Tiffany is gradually coming up with new jewelry designs, range of watches and fragrance. It has also introduced “build-your-own program” on its website under which customers are allowed to personalize their charm bracelets. Also, Tiffany is allowing customers to customize rings.

Apart from this, the company renewed its licensing agreement with Luxottica Group — slated to expire on Dec 31, 2027 — for the development, production and global distribution of sunglasses and prescription frames.

 

These initiatives reflect the company’s customer-centric focus which is likely to help strengthen its customer base.

The company is focusing on opening smaller stores that offer select collections of low priced and high margin products. Tiffany also focuses on improving sales per square foot by driving customer traffic and converting visitors into buyers through targeted advertising, sales training and customer-oriented initiatives.

Management also intends to expand its distribution network by adding stores in new and existing markets.
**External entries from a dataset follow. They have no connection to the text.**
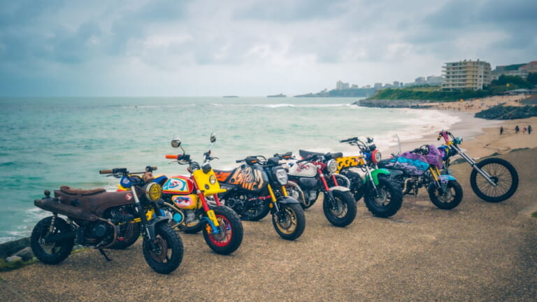 欧州7か国によるカスタムミニバイクの競演だ! これらの車両はいずれもフランスのビアリッツで6月21~25日に開催された「ホイールス&ウェーブス(Wheels & Waves festival)」に出展されたもので、2台のダックス125、2台のMSX125グロム、そして3台のモンキー125をベースに、各国のカスタムビルダーが個性豊かに創り上げたものだ。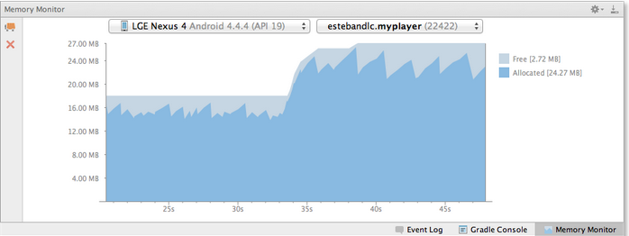 Android Studio provides a memory monitor view so you can more easily monitor your app's memory usage to find deallocated objects, locate memory leaks and track the amount of memory the connected device is using. With your app running on a device or emulator, click the Memory Monitor tab in the lower right corner to launch the memory monitor.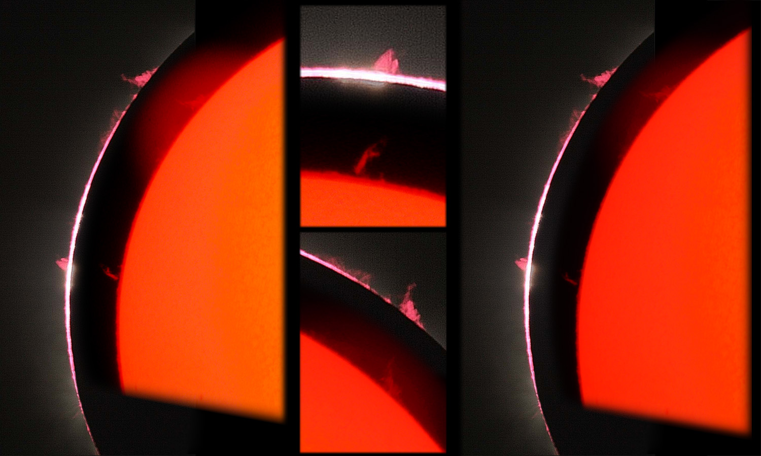 Obrázek je kombinací snímku protuberancí v čase T2 a fotografie z protuberančního dalekohledu pořízené zhruba 2 hodiny před samotným zatměním. Je dobře vidět časový vývoj protuberancí. Pro lepší názornost bylo zpracování pro oba výřezy mírně odlišné, neboť pro každou se hodilo trochu jiné potlačení pozadí. Po stranách jsou celkové pohledy pro oba způsoby zpracování. Je možno porovnávat vzhled protuberancí v chromosférickém filtru a bez jakéhokoli filtru při úplném zatmění Slunce (tedy při jediné možnosti kdy je možno protuberance bez pomoci filtru na krátký okamžik pozorovat). S podobným snímkem protuberancí pořízeným až 2 hodiny po zatmění mne se zpracováním (ale opět ne s nápadem) předběhl Jirka Polák na stránce Úplné zatmění Slunce 2006 Porovnání protuberancí při zatmění a přes chromosférický dalekohled.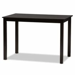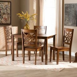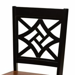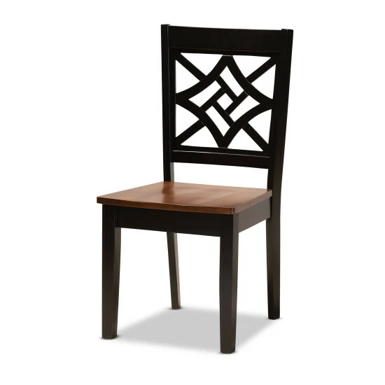 Add crisp, contemporary design to your dining space with the visually striking Nicolette dining set. Made in Malaysia, this wooden set includes four dining chairs and one dining table showcasing a distinctive two-tone dark brown and walnut brown finish. Each chair features a unique, geometric cut out design for added visual appeal, while a scoop seat lends casual comfort. Requiring assembly, the rectangular tabletop provides ample elbow room for each member of the table. Perfect for both casual and formal dining, the Nicolette dining set is an excellent addition to the modern home…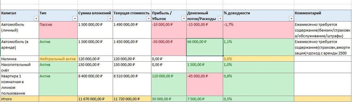 Доброе утро! ☀️ Сегодня хочу честно поделиться примером обычного человека и того, как ваш капитал, работает на вас. Спойлер - не работает. На первый взгляд кажется, что у него всё есть: своя квартира, две машины, свободные деньги на счету. Казалось бы, финансовая стабильность на лицо. Об этом можно только мечтать - многие думают так. Но если разложить по полочкам, становится ясно — далеко не всё приносит доход. Автомобиль для себя — пассив. Каждый месяц он «съедает» 15 000 ₽ на бензин, страховку и обслуживание. Автомобиль в аренде — актив, но далеко не у всех есть такая возможность. Квартира для себя — тоже пассив: траты 45 000 ₽ - это ипотека и ещё расходы на содержание. Кто-то скажет, но недвижимость же дорожает. Проходит очень много лет, плюс не забывайте, какой генерирует расход 1 квартира в месяц, а это на секундочку ипотека - а это не 3-4 года, в среднем 10-15 лет. Накопительный счёт — маленький актив, приносит ~1 500 ₽ в месяц. Наличка — пока «нейтральный актив»: не теряет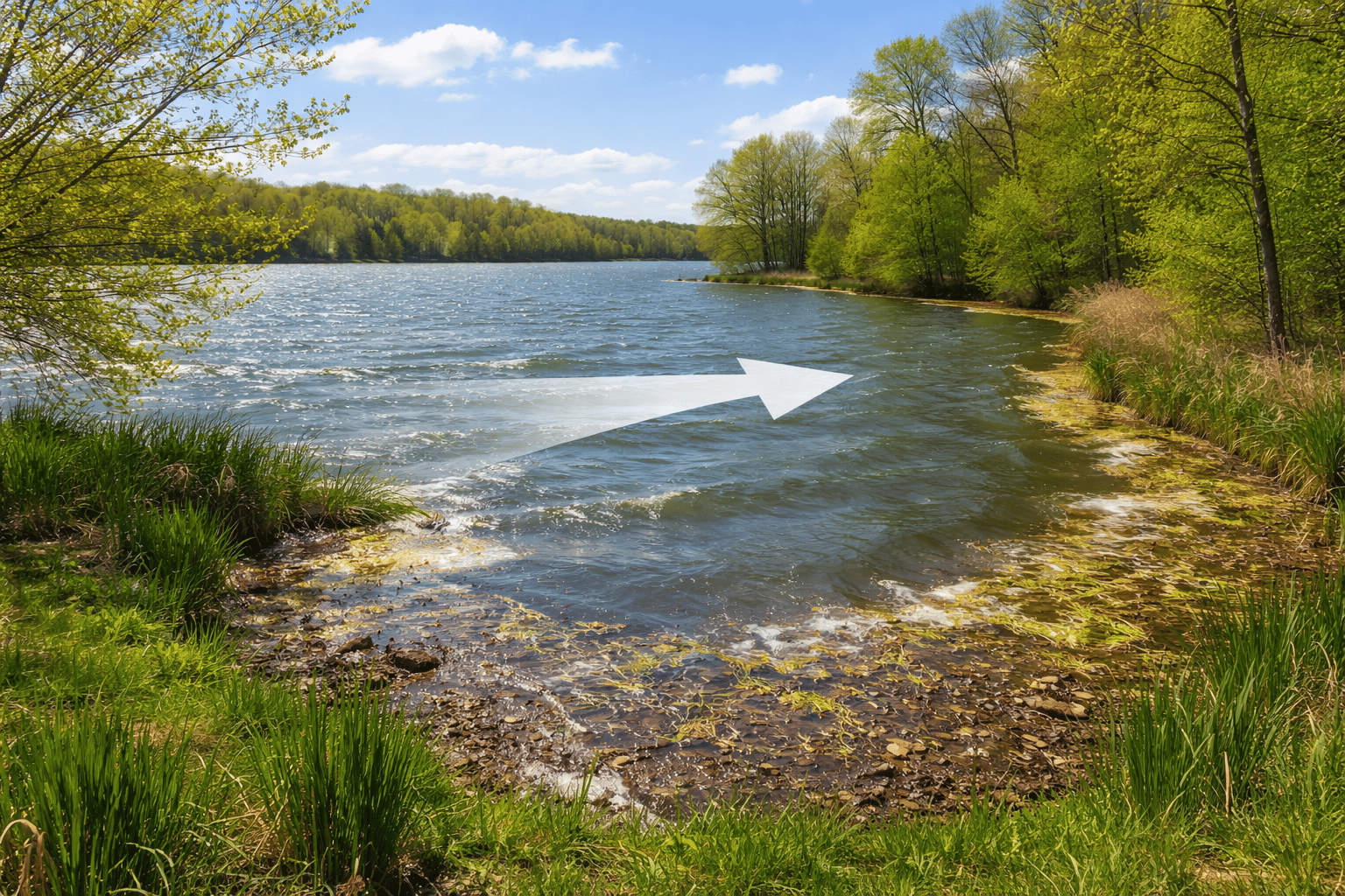 When wind pushes water into these areas, it naturally concentrates everything into a smaller zone, which makes it easier for bass to ambush prey.

On the international front, the company is now focusing on expanding business in the Middle East, Russia, Canada, Mexico and Brazil.

However, despite the company’s efforts to boost the top line, rising SG&A expenses are likely to dent the operating margin. In this regard, we note that management expects fiscal 2018 SG&A expenses to increase at a rate higher than sales on account of increased spending on technology, marketing communications, visual merchandising, digital and store presentations. We noted that in the first, second, third and fourth quarter of fiscal 2017, SG&A expenses had increased 0.2%, 3.7%, 3.3% and 2.2%, respectively.

Given the pros and cons embedded the stock carries a Zacks Rank #3 (Hold).